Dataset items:
◇ ◇ ◇ ◇ ◇ ◇ ◇
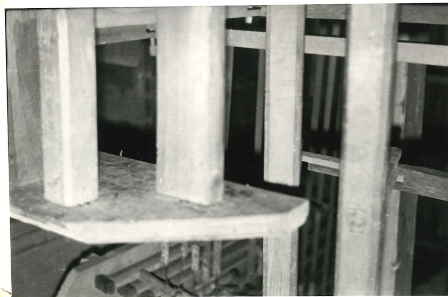
Ove orgulje imaju mehaničku trakturu (abe- strakti).

Uopće, ove orgulje ostavljaju di- van dojam već na prvi pogled i kao da su organski izrasle iz čitave arhitektonike a ne da su tamo postavljene. Pravi doživljaj daju kada ih i slušamo. Taj sklad zvukova, stila i cijele barkone arhitektonike čine rijetku impresiju. Akustika same crkve je izvanredna pa se zvuk, kako jakih regista- ra tako i tiho intoniranih, dobro širi, ra- zlikuje i čuje.
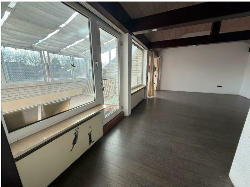
Wohnzimmer mit Wintergarten
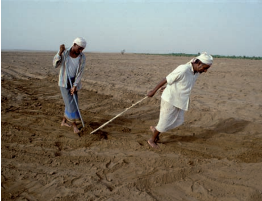
Jemen Al Hodayday: Egaliseren van de grond zodat irrigatie gelijkmatiger in de grond kan dringen.

drinkwaterprogramma in de Dhamar regio werd opgezet, wat tot in de jaren negentig over vijf fasen doorliep. Gaandeweg werd ook een omvangrijk programma in waterbeheer geformuleerd met grondwaterstudies en ondersteuning aan de bovengenoemde Nationale Water Autoriteit. In deze periode vond alle hulp plaats onder de project modaliteit. Vanwege de slechte politieke en bestuurlijke situatie werd de hulp rond 2002 met één derde teruggebracht en werd zelfs overwogen die ondersteuning aan de watersector te stoppen.
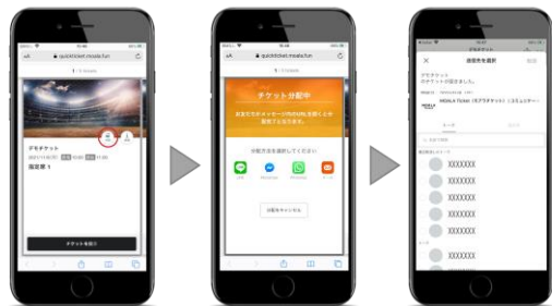
分配ボタンをタップ
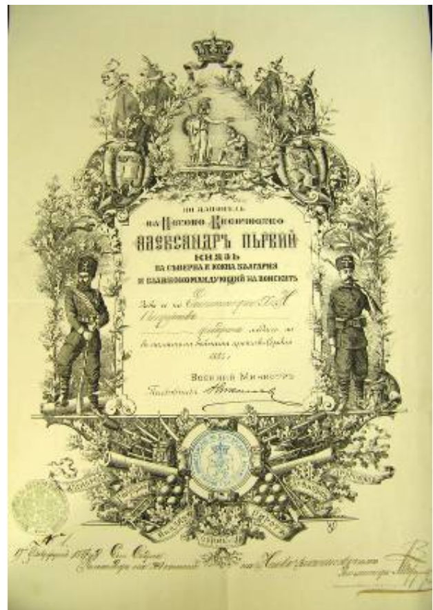
Стоманената матрица за отсичане на втория възпоменателен медал за Сръбско-българската война от 1885 г., съхранявана в Националния Военноисторически музей и патентът за получаване на медала.
◇ ◇ ◇ ◇ ◇ ◇ ◇
TO DO - Copy from the entries above each line in which the string "orgulje" can be found.

EXERCISE RESULT -
Ove orgulje imaju mehaničku trakturu (abe- strakti).
Uopće, ove orgulje ostavljaju di- van dojam već na prvi pogled i kao da su organski izrasle iz čitave arhitektonike a ne da su tamo postavljene. Pravi doživljaj daju kada ih i slušamo. Taj sklad zvukova, stila i cijele barkone arhitektonike čine rijetku impresiju. Akustika same crkve je izvanredna pa se zvuk, kako jakih regista- ra tako i tiho intoniranih, dobro širi, ra- zlikuje i čuje.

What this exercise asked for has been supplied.